The backend of the application handled the communication with the database and parsing the results of queries, whilst the front end gave an attractive, easy way for users to explore the millions of data points and their relationships.
Results and Next Steps
While implementing this system for a client, we successfully demonstrated its ability to detect anomalous behavior in a meaningful, explainable way and have secured considerable interest from senior stakeholders in putting the system into production.
There are three clear ways this system will provide value to organizations in the banking and finance domain:
- Increased likelihood of suspicious behavior being detected which could otherwise damage the brand and lead to financial penalties
- Increased efficiency of the investigation teams, meaning that an increase in transaction volume does not necessitate a proportional increase in team size
- Potential fines by regulators could be mitigated by demonstrating investment in cutting-edge tools and technology, which could save tens of millions of pounds
The next steps for this project will be to:
- Include more communication sources such as email
- Use the system’s predictive capability
- Implement advanced search capability (e.g. find instances where a person in role type A has talked about topic B with organization types C at time D) so that specific anti-trust scenarios can be sought out proactively
We have proven the potential of this technology to significantly enhance the alerting of communications, which considers not just particular words, but also their meaning and the context in which they were said.

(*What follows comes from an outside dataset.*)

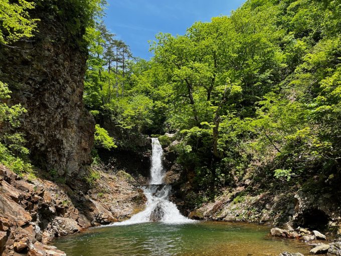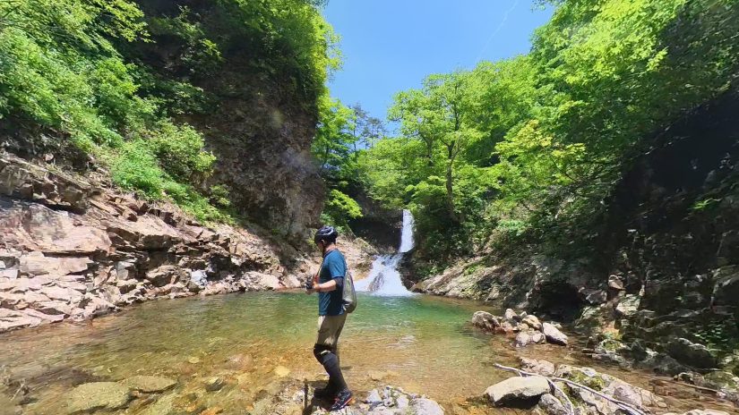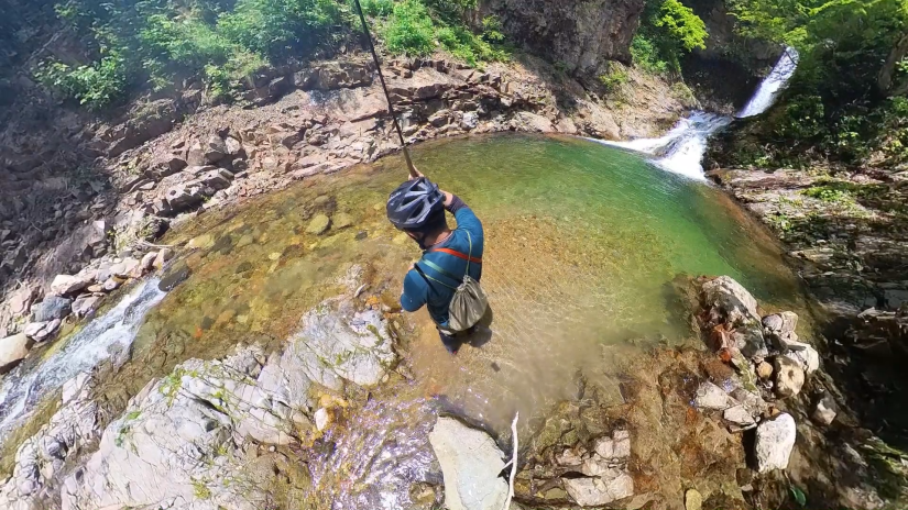大滝に到着してから下段の釜で探るも、ここでも八寸がせいぜい。小物も含めて五〜六匹釣り上げたが、すべてリリースして釣りは終了とする。
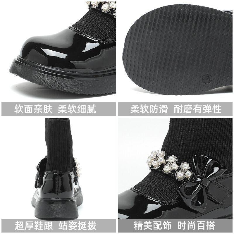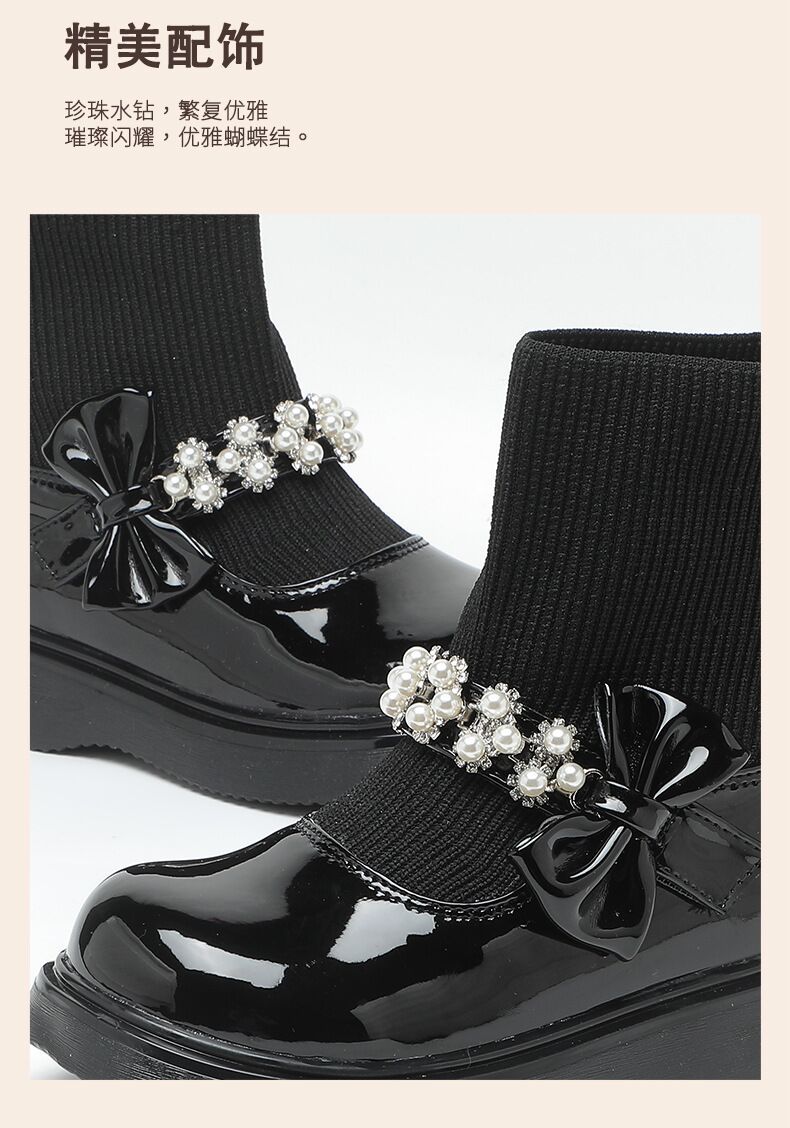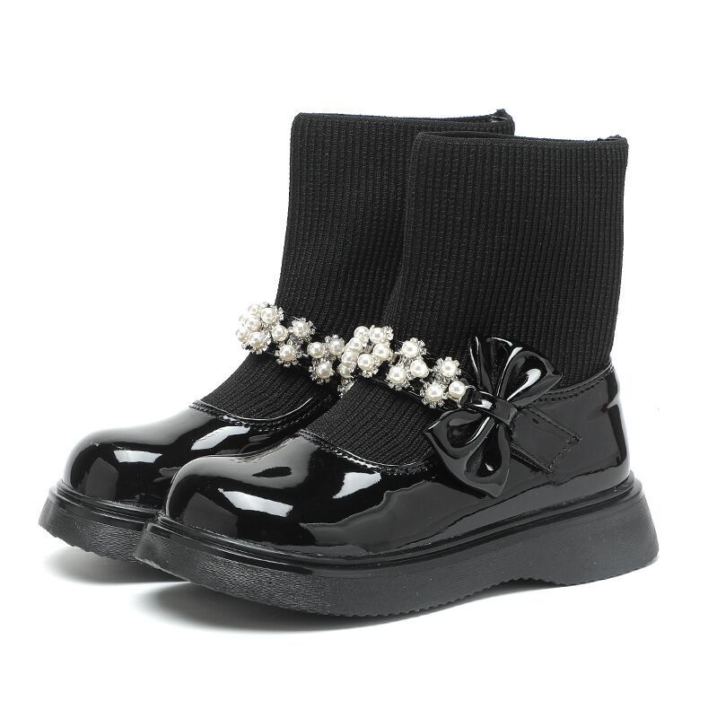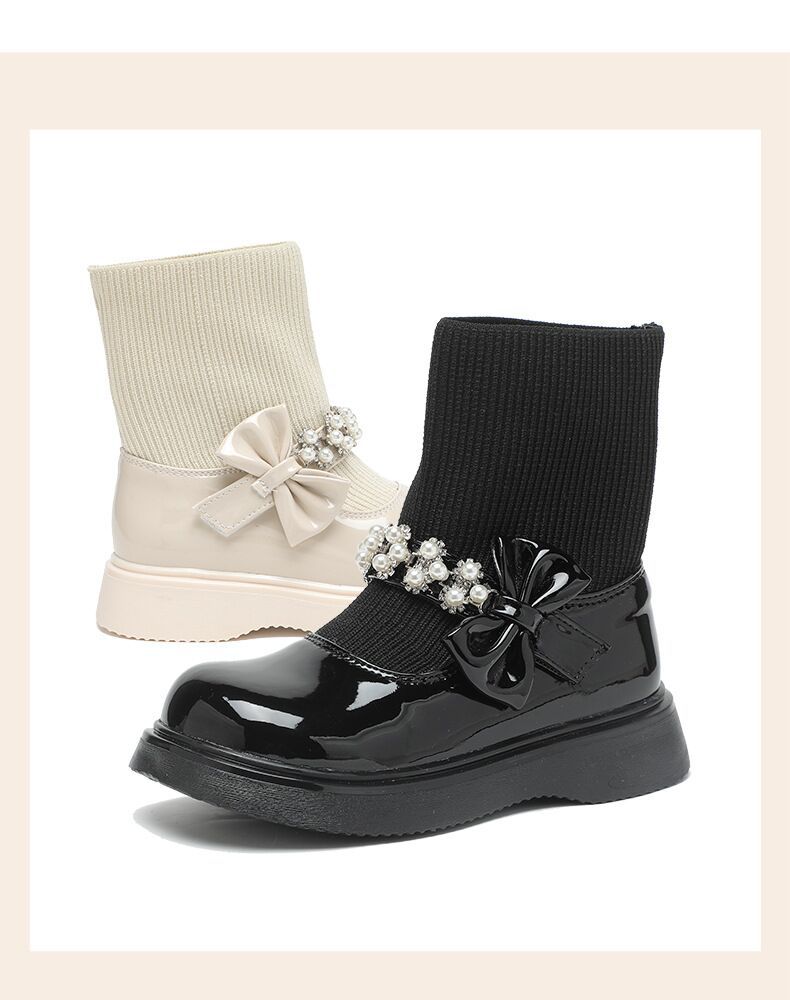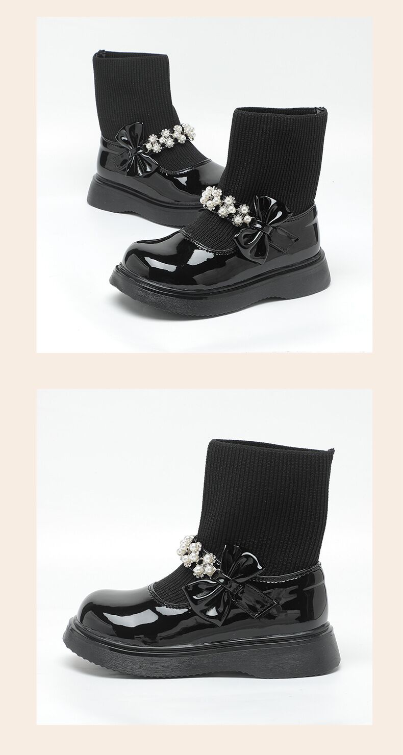 女童短靴袜子鞋2025秋冬季新款儿童皮鞋公主靴子女孩单靴珍珠棉袜

While the capabilities we have demonstrated so far are valuable, it is only a small part of what this system could do. The ever-improving automated alerting, together with surfacing the predictive and advanced search capabilities, would truly transform the client’s surveillance and investigation capabilities.
This technology is applicable to other domain and context and is not limited to text data either; it can be used to cluster, classify, and predict numeric data and can replace and improve on many existing applications of machine learning where greater transparency and flexibility are required.